Mr. Campbell continued, “Jeff Rosenheim will bring to the job his own expertise and scholarship, including his important contributions to the field of American photography. He has a keen interest in modern and contemporary photographs and their links to the Met’s encyclopedic collections. It is a perspective that will inform our future programming both in the Main Building and when we occupy the Whitney Museum’s Breuer building on Madison Avenue beginning in 2015.”

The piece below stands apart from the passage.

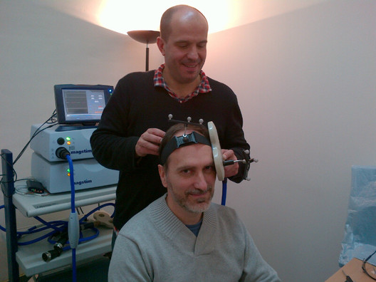 Below is a picture of Antoni Valero Cabre zapping stimulating my Broca's area using transcranianial magnetic stimulation.

Malcolm Daniel has led the Department of Photographs since February 2003. During that time, the department has presented 38 exhibitions and 35 installations; acquired more than 20,000 photographs, including 8,500 works in the Gilman Collection and many individual photographs spanning the history of the medium; and established the Joyce and Robert Menschel Hall for Modern Photography for the display of photographs created since 1960. He also founded The Alfred Stieglitz Society, a Friends group now in its 13th year that has made possible the acquisition of more than 200 photographs. Since joining the department in 1990 and receiving his Ph.D. from Princeton University the following year, he has curated many exhibitions, including The Photographs of Edouard Baldus: Landscapes and Monuments of France (1994); Edgar Degas, Photographer (1998-99); The Dawn of Photography: French Daguerreotypes, 1839-1855 (2003-2004); and Stieglitz, Steichen, Strand(2010-11). A widely published scholar, he is the author of several exhibition catalogues, Museum Bulletins, and journal articles, and has taught at Columbia University and the Institute of Fine Arts, New York University. He is currently at work on a series of monographic exhibitions about three pioneers of photography—Charles Marville, Linnaeus Tripe, and J. B. Greene—that are scheduled to be on view at the Metropolitan Museum in 2014, 2015, and 2016.

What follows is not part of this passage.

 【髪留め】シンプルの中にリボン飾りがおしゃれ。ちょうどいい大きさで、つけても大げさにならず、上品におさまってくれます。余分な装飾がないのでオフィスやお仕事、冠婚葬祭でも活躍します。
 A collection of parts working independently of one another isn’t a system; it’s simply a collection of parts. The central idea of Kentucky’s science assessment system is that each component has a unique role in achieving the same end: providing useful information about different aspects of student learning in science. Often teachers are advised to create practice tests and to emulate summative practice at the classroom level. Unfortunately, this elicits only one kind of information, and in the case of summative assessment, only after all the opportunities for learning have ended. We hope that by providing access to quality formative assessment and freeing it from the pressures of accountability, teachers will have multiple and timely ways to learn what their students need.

Prior to joining the Metropolitan Museum in 1988, Jeff Rosenheim earned his B.A. in American Studies at Yale University and his M.F.A. in Photography at Tulane University, and worked at The Historic New Orleans Collection and the Museum of the City of New York. Originally hired at the Metropolitan Museum to catalogue the Ford Motor Company Collection of avant-garde European and American photography between the two World Wars, he was promoted to the position of full Curator in 2007. An expert in American photography with wide-ranging interests from 19th-century to contemporary art, he has taught at Columbia University, the Institute of Fine Arts at New York University, and Bard College, and is an admired public speaker, most recently with talks at Yale and Stanford universities. At the Metropolitan Museum, he has organized or co-organized some 20 exhibitions and was responsible for facilitating the Museum’s acquisitions of the complete archives of photographers Walker Evans in 1994 and Diane Arbus in 2007. A foremost authority on Evans, he has organized six exhibitions of the artist’s work, including Walker Evans, a major retrospective at the Met in 2000, and Walker Evans and the Picture Postcard in 2009, and has authored eight publications on Evans’s oeuvre. He was the curator responsible for the Metropolitan Museum’s presentation of the exhibition Diane Arbus Revelations in 2005, was a co-author of its award-winning catalogue, and also collaborated on the Diane Arbus exhibition traveling in Europe and currently on view at Martin-Gropius-Bau in Berlin. He has in recent years published catalogue essays on Robert Frank, Robert Polidori, Stephen Shore, and Paul Graham, and is now organizing the exhibitionPhotography and the American Civil War, which will be on display at the Metropolitan Museum from April 2 through September 2, 2013.